[Exercise directions]
Pictures stay out of the copy, and everything else in the data below is repeated exactly.

[Data]
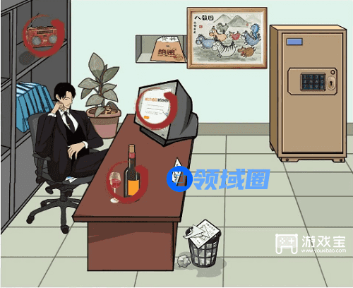 从左到右找,收音机;点击男子屁股下面的简历(优先触发);点电脑屏幕,英文网页和红酒;垃圾桶里的病历;画向右划动,露出里面绝密文件;拖动花盆里的钥匙打开保险柜,里面遗嘱;拖动上方奖杯到柜子印迹处,打开地下室入口,点击进入。
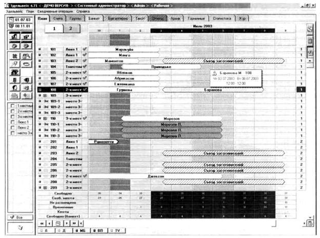 При росте объема продаж, с одной стороны и усиливающейся конкуренции-с другой, повышается значение оперативности в работе персонала. В решении этой проблемы краеугольным камнем выступает комплексная автоматизация отеля, достигаемая применением Автоматизированных Систем Управления (АСУ) отелем, или - в английском варианте - Property Management System (PMS). Основной функцией таких систем является представление состояния номерного фонда, информация о занятости (зарезервированности) каждого конкретного номера, что позволяет осуществлять планирование продаж номеров в будущем, или бронирование и текущий контроль за деятельностью средства размещения. Помимо прочего, АСУ позволяют избавиться от бумажной волокиты и исключить либо максимально уменьшить возможность ошибок, так называемого человеческого фактора, являющихся причиной дополнительных неудобств и материальных затрат.
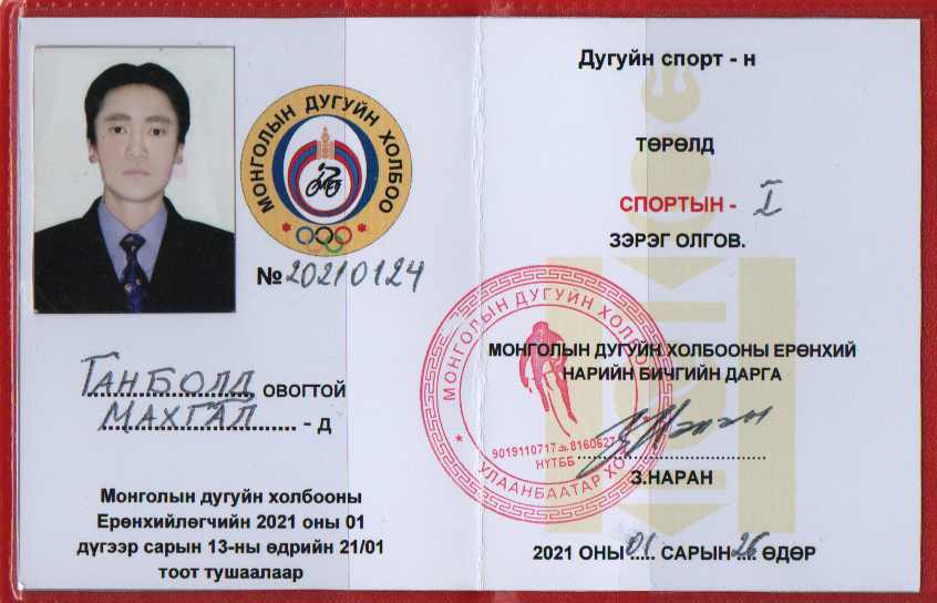 Дугуйн спортын төрөлд спортын I зэргийн болзол биелүүлсэн тухай

[Written reply]
 从左到右找,收音机;点击男子屁股下面的简历(优先触发);点电脑屏幕,英文网页和红酒;垃圾桶里的病历;画向右划动,露出里面绝密文件;拖动花盆里的钥匙打开保险柜,里面遗嘱;拖动上方奖杯到柜子印迹处,打开地下室入口,点击进入。
 При росте объема продаж, с одной стороны и усиливающейся конкуренции-с другой, повышается значение оперативности в работе персонала. В решении этой проблемы краеугольным камнем выступает комплексная автоматизация отеля, достигаемая применением Автоматизированных Систем Управления (АСУ) отелем, или - в английском варианте - Property Management System (PMS). Основной функцией таких систем является представление состояния номерного фонда, информация о занятости (зарезервированности) каждого конкретного номера, что позволяет осуществлять планирование продаж номеров в будущем, или бронирование и текущий контроль за деятельностью средства размещения. Помимо прочего, АСУ позволяют избавиться от бумажной волокиты и исключить либо максимально уменьшить возможность ошибок, так называемого человеческого фактора, являющихся причиной дополнительных неудобств и материальных затрат.
 Дугуйн спортын төрөлд спортын I зэргийн болзол биелүүлсэн тухай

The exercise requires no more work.